If a hemispherical bowl of radius 6cm contains water to a depth of h cm, the volume of the water is 1/3πh^2(18-h). Water is poured into the bowl at a rate 4 cm^3/s . Find the rate at ehich the water level is rising when the depth is 2 cm.

V = (1/3)πh^2 (18-h)

= 6πh^2 - (1/3)πh^3

dV/dt = 12πh dh/dt - πh^2 dh/dt

4 = dh/dt(12πh - πh^2)
when h = 2

4 = dh/dt(24π - 4π)
dh/dt = 4/(20π) = 1/(5π) cm/s

To find the rate at which the water level is rising, we need to find the derivative of the volume with respect to time.
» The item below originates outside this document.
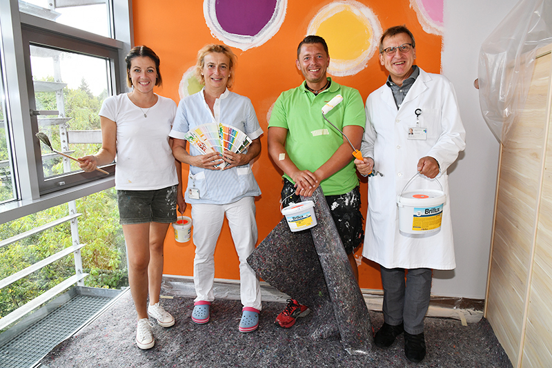 Jetzt entwickelten Malermeisterin Tamara Windisch, Thorsten Prennig und das Team der kinderkardiologischen Station ein neues Farb- und Raumkonzept für das Elternzimmer: Helle Grün-, Blau- und Beerentöne sollen das in die Jahre gekommene, dominante Orange und Rot ersetzen, und mehr Tageslicht darf den Raum erhellen. Für die Kinder wird es eine Tafelwand zum Malen mit Kreide sowie neue Spielsachen geben. Und die jungen Patienten dürfen auch selbst bei der Neugestaltung mitwirken und farbige Handabdrücke an den Wänden hinterlassen. Zehn Jahre lang war das Elternzimmer nicht mehr renoviert worden. „Dieser Raum ist so hilfreich – man ist mal ,raus‘, aber trotzdem noch in der Klinik, in der Nähe seines kranken Kindes“, weiß Thorsten Prennig. „Ich sehe es als Aufgabe von Herzpflaster, Farbe in den Klinikalltag zu bringen – und das tun wir hier gerade im wahrsten Sinne des Wortes!“

Given that the volume of the water in the bowl is given by the equation V = (1/3)πh^2(18 - h), where V is the volume and h is the depth of the water.

Taking the derivative of V with respect to time:

dV/dt = (1/3)π * 2h * dh/dt + (1/3)πh^2 * (-dh/dt)

Where dh/dt represents the rate at which the depth is changing (or the rate at which the water level is rising).

We are given that dh/dt = 4 cm^3/s, and we want to find dh/dt when h = 2 cm.

Substituting the given values into the derivative equation:

dV/dt = (1/3)π * 2(2) * 4 + (1/3)π * (2^2) * (-4)
= (8/3)π + (4/3)π
= (12/3)π
= 4π cm^3/s

Therefore, when the depth is 2 cm, the rate at which the water level is rising is 4π cm^3/s.

To find the rate at which the water level is rising when the depth is 2 cm, we need to find the derivative of the volume with respect to time, and then substitute the given values.

Given:
Radius of the hemispherical bowl = 6 cm
Volume of the water = 1/3πh^2(18-h)
Rate at which water is poured into the bowl = 4 cm^3/s

1. Differentiate the volume formula with respect to time:
dV/dt = d/dt(1/3πh^2(18-h))

2. Simplify the derivative:
dV/dt = 1/3π * (2h * dh/dt) * (18 - h) + 1/3π * h^2 * (-1 * dh/dt)

3. Substitute the given values:
dh/dt = 4 cm^3/s
h = 2 cm

4. Calculate dV/dt when h = 2 cm and dh/dt = 4 cm^3/s:
dV/dt = 1/3π * (2(2) * 4) * (18 - 2) + 1/3π * (2^2) * (-1 * 4)

5. Simplify the expression:
dV/dt = 1/3π * (16) * (16) + 1/3π * (4) * (-4)

6. Calculate the final answer:
dV/dt = (256/3)π + (-16/3)π
dV/dt = (240/3)π
dV/dt = 80π cm^3/s

Therefore, the rate at which the water level is rising when the depth is 2 cm is 80π cm^3/s.